284 Par contre, en même temps, la chanson poétique suit un parcours « populaire » au sens où elle ne

qui a existé et qui n’est maintenant plus totalement le leur. Dans ce sens, il me semble intéressant d’imaginer que le mouvement chansonnier en construisant sa propre image du passé crée en quelque sorte une forme de rupture avec ce dernier, même si elle ne s’articule pas par un rejet. Ainsi, le mouvement chansonnier est à la fois un courant largement orienté vers le passé, mais qui en même temps s’en détache. Cette coupure a aussi pour effet de propulser dans l’oubli les éléments culturels qui ne sont pas valorisés par cette classe d’individus. Il n’est pas étonnant dans ce sens que le mouvement chansonnier prenne la dimension d’un mythe de genèse d’une chanson québécoise qui existe déjà en partie, mais qui ne correspond pas au standard de cette nouvelle élite en devenir. Mais le dernier jalon de construction de l’image du mouvement chansonnier est en lien avec la période suivante.

Dès la fin des années soixante (1968 environ) et avec les années soixante-dix, la perception de ce qui définit la québécitude semble se modifier. L’adhésion à la critique des bases d’une société axée sur l’éducation élitiste, qui était déjà remise en cause par plusieurs, se généralise. Alors que l’apparition des CÉGEP et les différents autres changements dans le système d’éducation, dont la création de l’UQAM, l’objective. Mon hypothèse est que ce changement va de pair avec une modification de la conception sociale, le groupe étudiant s’élargit et tend à faire apparaître une nouvelle classe moyenne. Les mouvements sociaux se radicalisent en fonction des tangentes internationales. Les bases du mouvement chansonnier ne correspondent plus désormais aux modèles valorisés.

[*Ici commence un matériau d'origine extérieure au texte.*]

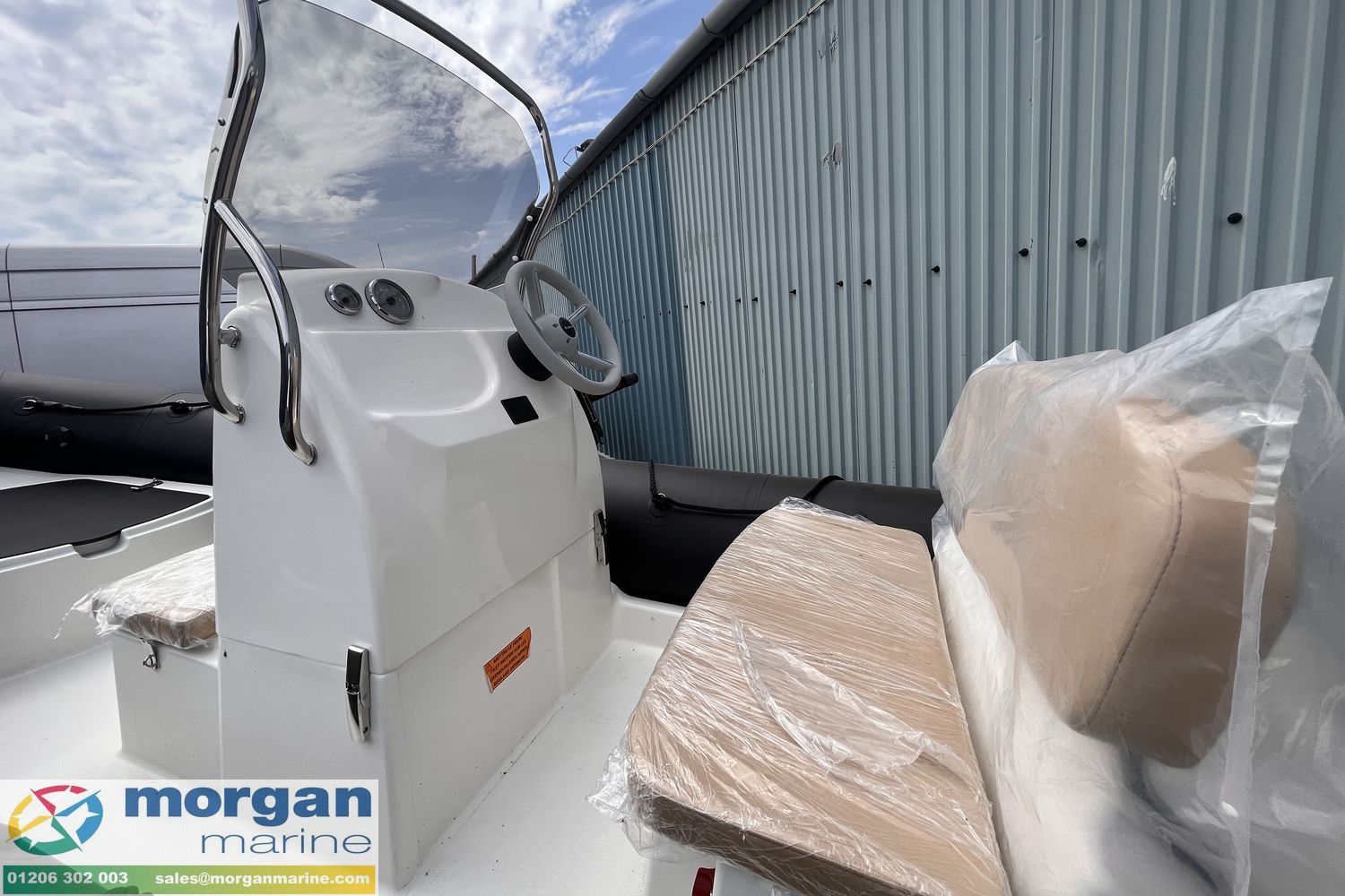 Cockpit: Steering wheel on dash; Windshield; Handrail; Front seat close to the console. Bench seat for pilot and co-pilot. Bow seat.

Dans le sillon du nationalisme qui se radicalise, couplé avec la popularisation de l’image du Québec, les nouvelles idées poussent à reconsidérer les bases de la légitimité du mouvement chansonnier comme objet authentiquement Québécois. Ce qui a pour effet de valoriser les éléments à caractère identitaire, les régionalismes linguistiques et les éléments liés à la tradition orale (objet québécois par excellence). Dans ce cadre, les chansons folklorisées, qui n’étaient dans le courant chansonniers qu’une variante, comme les éléments de nature identitaire, prennent de l’importance. Du point de vue du chercheur ou commentateur qui analyse le mouvement chansonnier à rebours, ces caractéristiques peuvent sembler être l’essence même du mouvement chansonnier. Au sens où, il s’agit d’idées véhiculées depuis le début des

années soixante, mais qui correspondent à l’époque, il faut le rappeler, à des discours marginaux.

Mais en même temps, le mouvement chansonnier en disparaissant et en laissant en place quelques monuments de la chanson comme Gilles Vigneault, Claude Léveillée, Jean-Pierre Ferland, Pauline Julien, devient lui-même une source de légitimation pour la chanson future. Si bien que le style chansonnier en lui-même évolue comme racine légitime d’une chanson désormais « populaire »  à la fois dans le sens de large diffusion, mais aussi parce qu’elle ne se présente plus comme la chanson d’une élite  qui prend des tangentes des plus variées, allant du son du Robert Charlebois (version rock) à Harmonium, Beau Dommage, en passant par Plume Latraverse.

C’est ainsi que la tradition orale et le chansonnier québécois deviennent tous deux des catégories abstraites utilisées autant comme référence ou source d’inspiration que comme base de légitimation de la chanson québécoise. Le mythe bicéphale des origines de la chanson québécoise.